### Instructions for the task
Give the listing again exactly, skipping any pictures it holds.

*** Block opens ***

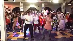 The music video of "Gangnam Style" has been met with positive responses from the music industry and commentators, who drew attention to its tone and dance moves, though some found them vulgar.[56] Another notable aspect that helped popularise the video was its comical dance moves that can be easily copied, such as the pelvic thrust during the elevator scene.[57] The United Nations hailed Psy as an "international sensation" because of the popularity of his "satirical" video clip and its "horse-riding-like dance moves".[58] As such, the music video spawned a dance craze unseen since the Macarena of the mid-1990s.[59][60]
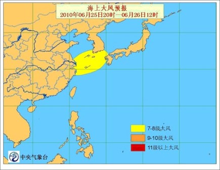 預計,25日20時至26日20時,受入海氣旋影響,黃海南部海域、東海北部海域將有7~8級、陣風9級的大風;東海南部海域、臺灣海峽、臺灣以東洋面將有6~7級、陣風8級的西南風;黃海中部海域將有5~6級東北風。黃海南部海域、東海北部海域的能見度不足10公里。其他海域天氣海況條件較好。
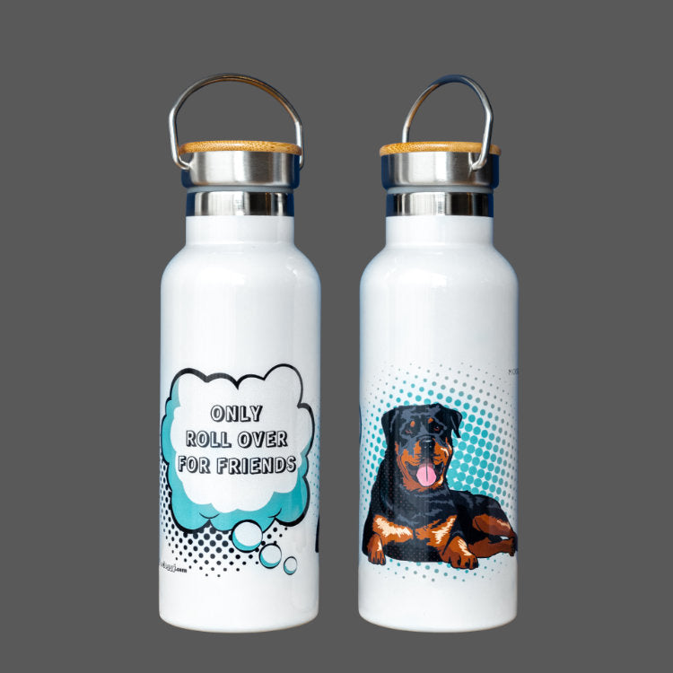 Our Rottweiler water bottle is your first line of defence against thirst and heat-stroke on a hot summer walk. Half a litre (1.06 pints), made of stainless steel with a bamboo screw cap. Hand-wash and dry before first use. Always clean it with warm water and mild detergents to protect the clean steel inside and the fun dog art on the exterior. Avoid cleaning in a dishwasher, and do not use detergents that contain bleach or chlorine. Not suitable for fizzy, alcohol, and diary-based beverages.
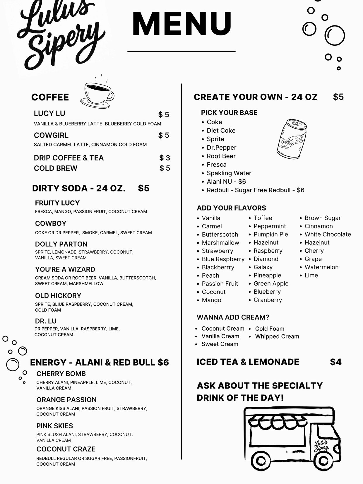 Welcome to Lulu's Sipery, your go-to source for delicious and high-quality drinks and beverages. We offer a vast selection of beverages, including coffee, tea, soda, energy drinks, smoothies, and more. Our beans are always fresh and sourced from our local partners at Obsessive Coffee Disorder, ensuring that you get the best taste and quality for your money. Our team is dedicated to providing exceptional customer service, fast shipping, and hassle-free returns. Come and explore our selection today, and find the perfect drink for you!
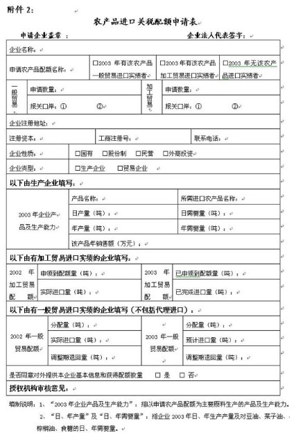2、农产品进口关税配额申请表
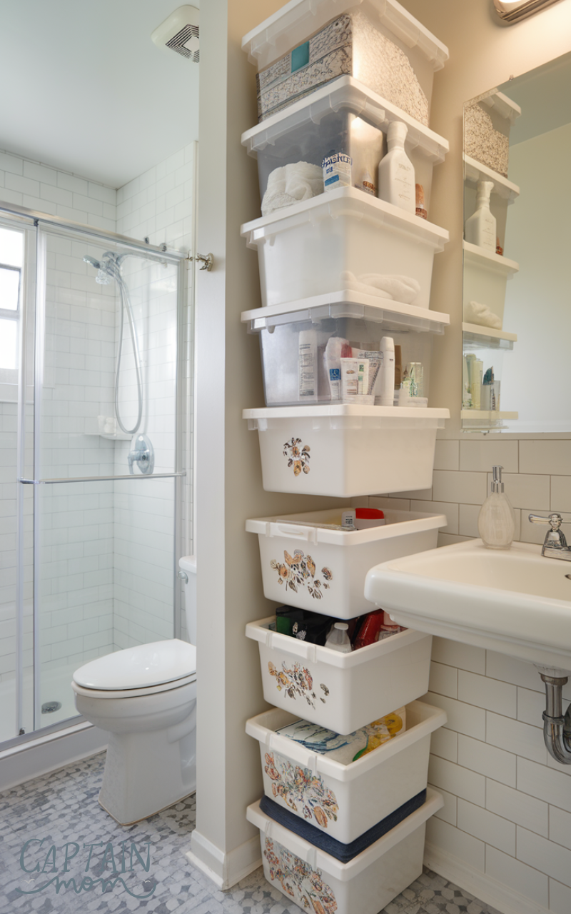 Stackable bins are flexible bathroom with no cabinets storage solutions that grow with your needs. Use clear bins to see contents easily or decorative ones for style. Stack them vertically in corners or under sinks. They help categorize products and prevent clutter from spreading. This solution is affordable and adaptable for any bathroom size.

*** Block closes ***

### Task solution
 The music video of "Gangnam Style" has been met with positive responses from the music industry and commentators, who drew attention to its tone and dance moves, though some found them vulgar.[56] Another notable aspect that helped popularise the video was its comical dance moves that can be easily copied, such as the pelvic thrust during the elevator scene.[57] The United Nations hailed Psy as an "international sensation" because of the popularity of his "satirical" video clip and its "horse-riding-like dance moves".[58] As such, the music video spawned a dance craze unseen since the Macarena of the mid-1990s.[59][60]
 預計,25日20時至26日20時,受入海氣旋影響,黃海南部海域、東海北部海域將有7~8級、陣風9級的大風;東海南部海域、臺灣海峽、臺灣以東洋面將有6~7級、陣風8級的西南風;黃海中部海域將有5~6級東北風。黃海南部海域、東海北部海域的能見度不足10公里。其他海域天氣海況條件較好。
 Our Rottweiler water bottle is your first line of defence against thirst and heat-stroke on a hot summer walk. Half a litre (1.06 pints), made of stainless steel with a bamboo screw cap. Hand-wash and dry before first use. Always clean it with warm water and mild detergents to protect the clean steel inside and the fun dog art on the exterior. Avoid cleaning in a dishwasher, and do not use detergents that contain bleach or chlorine. Not suitable for fizzy, alcohol, and diary-based beverages.
 Welcome to Lulu's Sipery, your go-to source for delicious and high-quality drinks and beverages. We offer a vast selection of beverages, including coffee, tea, soda, energy drinks, smoothies, and more. Our beans are always fresh and sourced from our local partners at Obsessive Coffee Disorder, ensuring that you get the best taste and quality for your money. Our team is dedicated to providing exceptional customer service, fast shipping, and hassle-free returns. Come and explore our selection today, and find the perfect drink for you!
2、农产品进口关税配额申请表
 Stackable bins are flexible bathroom with no cabinets storage solutions that grow with your needs. Use clear bins to see contents easily or decorative ones for style. Stack them vertically in corners or under sinks. They help categorize products and prevent clutter from spreading. This solution is affordable and adaptable for any bathroom size.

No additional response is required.